Thursday, November 11, 2010

Smell This

In my house there are three cats, a dog, assorted fish, a guinea pig, two kids, and a husband. There are always smells to be identified and defeated. Unfortunately, many of those smells come from Gabe. You see, he claims he is a super hero, Fart Boy to be exact. Of course there are the powers that come from his bottom but also, his enhanced powers that his daddy helps him develop by giving him garlic bologna. His bad breath power keeps the girls away which in Gabe’s eyes is the best power ever. So, as you can imagine, the story I am about to tell you could have gone several different ways.

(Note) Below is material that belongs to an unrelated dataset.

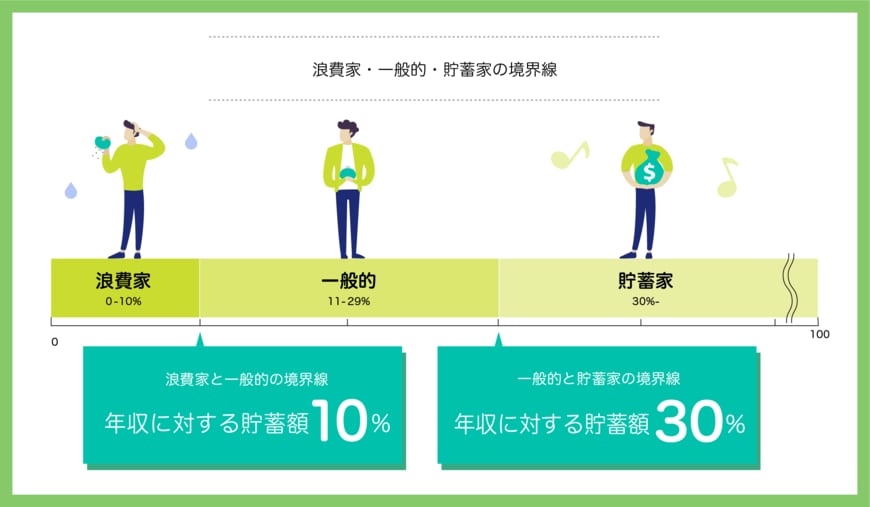 松井証券株式会社が行った「老後資金に関する調査」の中で、浪費家と貯蓄家を定義していました。「年収の貯蓄割合に関して、あなたが思うそれぞれの言葉の定義について教えてください」と質問をしたところ、浪費家は年収の10%以下を貯蓄している人、貯蓄家は年収の30%以上を貯蓄している人と結果が出ました(中央値で集計)。年収の11%〜29%は一般的とされています。

This morning Fart Boy was in my bathroom and I was in my bedroom putting on my makeup. He opened the door and came running out to me. He said, “Momma, I just pooped in there. Smell my hands.” He then shoved his hands toward my face. I recoiled with the instincts of a cat and asked, “Did you wash your hands?” He looked at his hands and said, “Oh” and ran back into the bathroom.

Thankfully, when I mentioned the hand washing he realized that after he had washed his hands, he hadn’t dried them. He ran to the bathroom to do that and then return and said, “I washed them. Smell them. I did it all by myself.” He was so proud of himself and I was so thankful! His little hands smelled like yummy raspberry soap. All was good in the Schrec house.